Day 4: about 15 minutes
Part 3. Teacher Assesses
Complete the Anchor Chart
Additions and adjustments come from the students. You’ll want to see what they can add. If they add little, then students are telling you they require more practice. You can redo part of the lesson or move on and slow down, checking frequently for understanding.
- Have students retrieve the poem from their folders.
- Ask students to choral read as you reread the poem.
- Review anchor chart notes and have students make adjustments and add ideas.
- Review green canopy, kapok tree, personification, and personify and connect to the poem.

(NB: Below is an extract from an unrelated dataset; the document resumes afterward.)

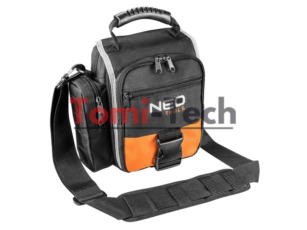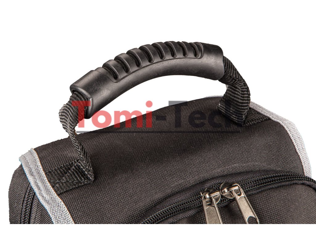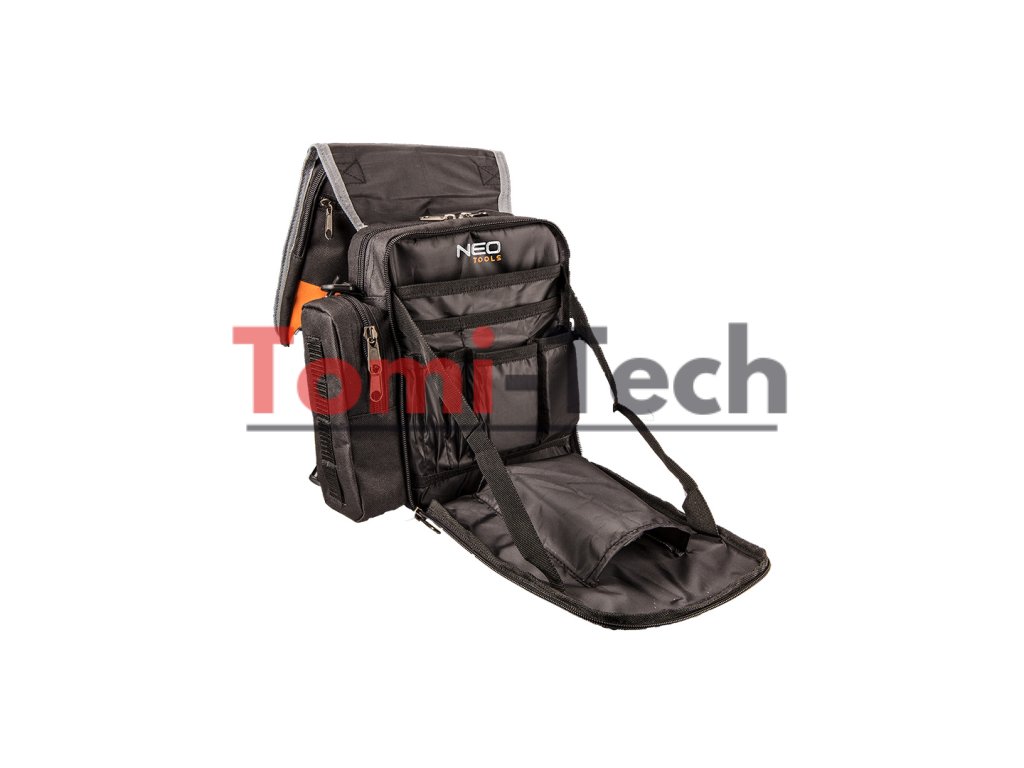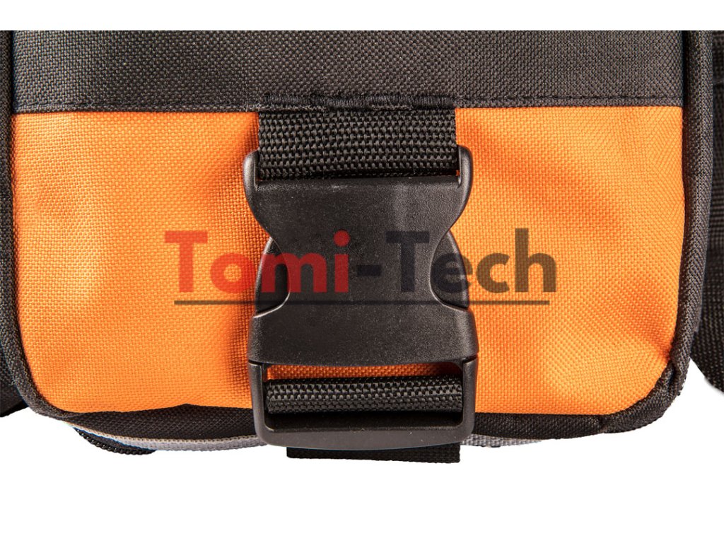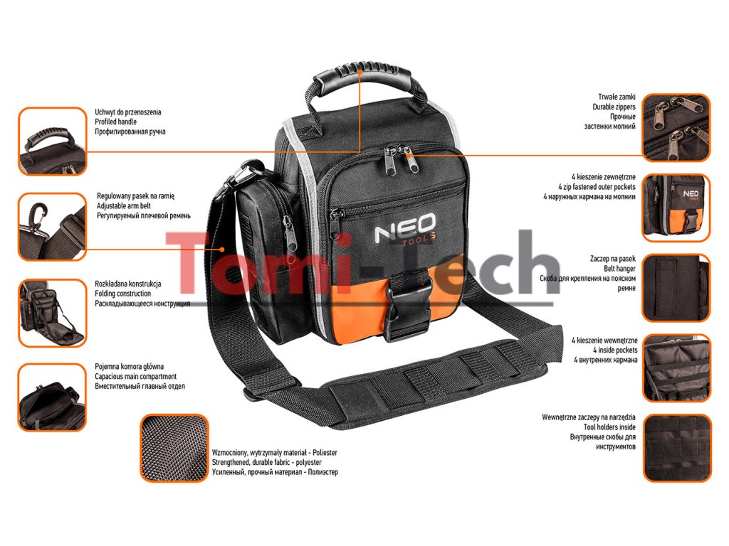 Taška na náradie z polyesteru, 4 vnútorné vrecká, 4 vonkajšie vrecká, skladacia konštrukcia, rukoväť na prenášanie, nastaviteľný popruh, háčiky na náradie, háčiky na opasok, pevné zipsyDodatočné parametre

Reflect and Intervene: On sticky notes, jot the names of students who didn’t participate or contribute ideas for the anchor chart. Work with individuals or a small group. Return to modeling and then invite students to respond.
References
Allington, Richard L. (1977). “If they don’t read much, how are they ever gonna get good?”Journal of Adult and Adolescent Literacy. 21(1), 57-61.
Burkins, Jan and Kim Yaris (2018). Who’s doing the work? How to say less so readers can do more. Portland, ME: Stenhouse.
Miller, Donalyn and Colby Sharp (2018). Game changer! Book access for all kids. New York, NY: Scholastic.
Robb, Laura (2020). Guided Practice for Reading Growth, Thousand Oaks, CA: Corwin Literacy.